Version originale du texte intégral

1 Introduction

In the area of depollution, the example of automotive exhaust gas after treatment [1] has demonstrated the complementarity of catalyst design and process design for higher performance. While Pt-based oxidation catalysts of the early converters evolved towards the three-way Pt-Rh catalysts, the classical fixed bed of millimetric particles evolved towards the monolith to minimize pressure drop and internal diffusion resistance; now the “cold trap” is used to better monitor pollutant release at cold-start.

This complementary approach, which is typical of process intensification applied to environmental issues, will be illustrated by three examples of research carried out at the LGPC.

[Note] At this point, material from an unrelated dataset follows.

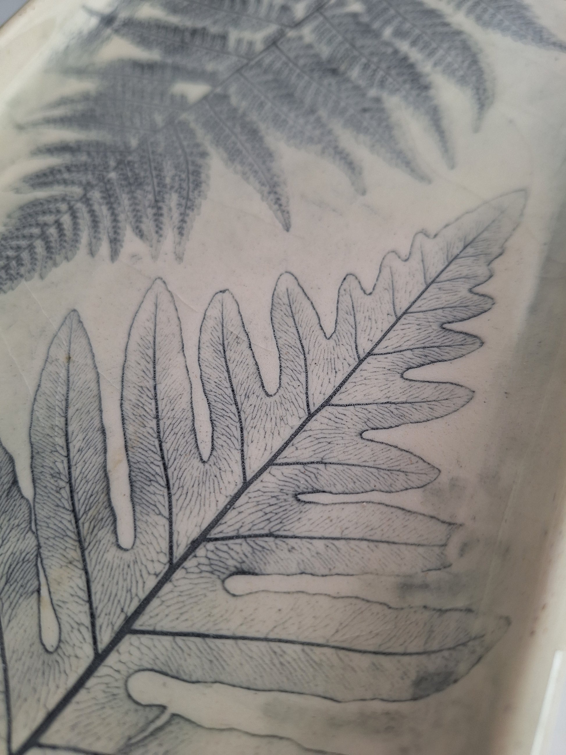 This Fern Plate features unique, hand-pressed wild ferns on organic-shaped ceramic stoneware. It is one of a kind, blending natural beauty with functional craftsmanship. Perfect for adding a touch of nature to your table, or for storing accessories. See photo for size reference.

2 A three-step process for the treatment of aqueous effluents loaded with phenolic compounds

The main drawback of water depollution is the slow reaction rate due to the low pollutant concentration level. Even the best available catalyst may require too high a pressure or a temperature to be efficient; this is well illustrated by catalytic wet oxidation. The second problem is that most people think of destroying the pollutant instead of destroying first the toxicity of the pollutant. With both ideas in mind, one may design a new depollution process of water containing chlorophenols [2]:

  • • hydrogenation/hydrogenolysis instead of oxidation is a candidate reaction for toxicity reduction since it leads to cyclohexanol that can be destroyed in a standard biological water treatment plant;
  • • preliminary adsorption of the pollutant(s) ensures the quality of the treated water and enables one to confine the pollutant within the process;
  • • finally, the design of a solid that is both the adsorbent and the hydrogenation catalyst leads to an intensified process wherein purification by adsorption and toxicity destruction takes place.

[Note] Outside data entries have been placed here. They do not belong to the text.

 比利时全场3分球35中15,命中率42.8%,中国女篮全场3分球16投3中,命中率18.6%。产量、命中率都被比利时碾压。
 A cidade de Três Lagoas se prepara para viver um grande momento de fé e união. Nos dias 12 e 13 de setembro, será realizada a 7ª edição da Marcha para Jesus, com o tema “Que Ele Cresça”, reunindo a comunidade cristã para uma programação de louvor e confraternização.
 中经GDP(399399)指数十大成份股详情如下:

The third item above may seem paradoxical: if the pollutant is strongly adsorbed on the solid, it will be poorly available for the catalytic sites. Fortunately, simple chemistry yields the solution: at natural pH (slightly acidic), chlorophenol are neutral molecules that can be strongly adsorbed on charcoal. At higher pH, after adding sodium hydroxide, the phenol group ionizes and the molecules are much more available for some metal catalyst deposited on the charcoal. Incidentally, soda is then used to neutralized the hydrochloric acid produced by the hydrogenolysis of the CCl bond.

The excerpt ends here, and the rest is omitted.